JPMorgan Freezes Accounts Linked to Stablecoin Startups Over Sanctions Risks


JPMorgan Chase has recently frozen accounts associated with two venture-backed stablecoin companies, BlindPay and Kontigo, amid concerns over exposure to sanctioned regions, particularly Venezuela. The move highlights ongoing challenges in the regulatory landscape surrounding digital assets and cross-border financial transactions.


The accounts belonged to these Y Combinator-backed startups, which primarily operate across Latin America. Both firms accessed JPMorgan's banking infrastructure via Checkbook, a digital payments platform partnering with major financial institutions. The account freezes occurred after JPMorgan flagged business activities linked to high-risk jurisdictions subject to US sanctions, notably Venezuela.
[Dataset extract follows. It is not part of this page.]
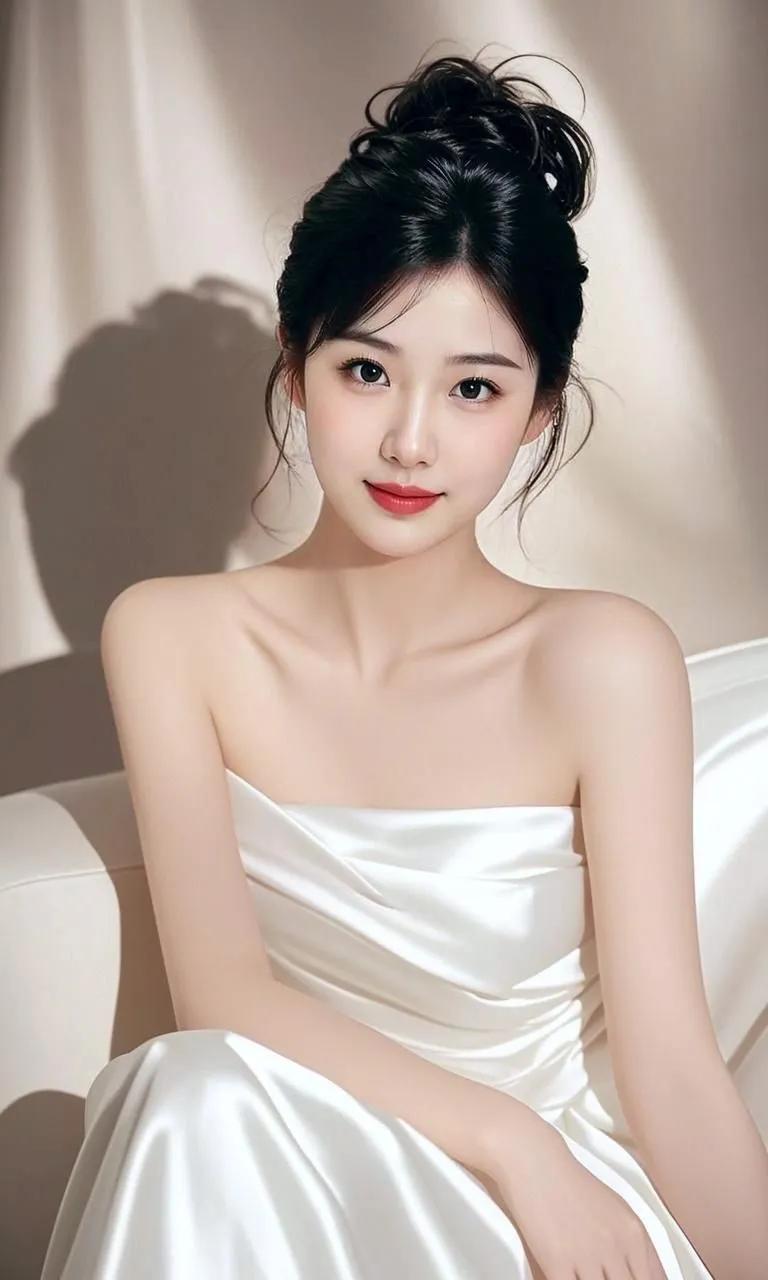 优雅黑发少女,红唇白裙,光影交错,尽显温柔与魅力。

A JPMorgan spokesperson clarified that the decision was not directly related to the stablecoins themselves. “This has nothing to do with stablecoin companies,” they stated. “We bank both stablecoin issuers and stablecoin-related businesses, and we recently took a stablecoin issuer public.” This indicates that the bank's oversight focuses on compliance issues rather than the digital assets' technology or market potential.


Chargeback Risks and Risk Management Strategies


According to Checkbook CEO PJ Gupta, the account closures were partly driven by a surge in chargebacks linked to the rapid onboarding of customers over the internet. Gupta explained, “They opened the floodgates and a bunch of people came in,” implying that the spike in chargebacks raised red flags for JPMorgan’s risk management teams.


The partnership between JPMorgan and Checkbook has deepened, with the firms announcing in November 2024 that Checkbook would join the J.P. Morgan Payments Partner Network. This integration allows corporate clients to send digital checks, streamlining B2B transactions across sectors like legal services, government, and banking. Earlier in 2024, Checkbook expanded its B2B offerings to further establish its presence in the digital payments ecosystem.


Amid a broader movement towards cryptocurrency adoption, especially in regions like Venezuela where citizens increasingly turn to digital assets to hedge against inflation and strict government controls, JPMorgan’s cautious stance signals ongoing regulatory tension in the space. Cointelegraph reached out to JPMorgan for comment but had not received a response at press time.


Related Developments and Industry Tensions


Previously, Gemini co-founder Tyler Winklevoss accused JPMorgan Chase of retaliation, asserting that the bank paused Gemini’s re-onboarding process following his criticism of JPMorgan’s data policies. This incident underscores the tensions between traditional banking giants and innovative crypto platforms, amid growing regulatory oversight.


Meanwhile, JPMorgan is reportedly exploring crypto-based financial products, including trading for institutional clients—a move reflecting increasing institutional interest and a more supportive regulatory environment for digital assets in the United States.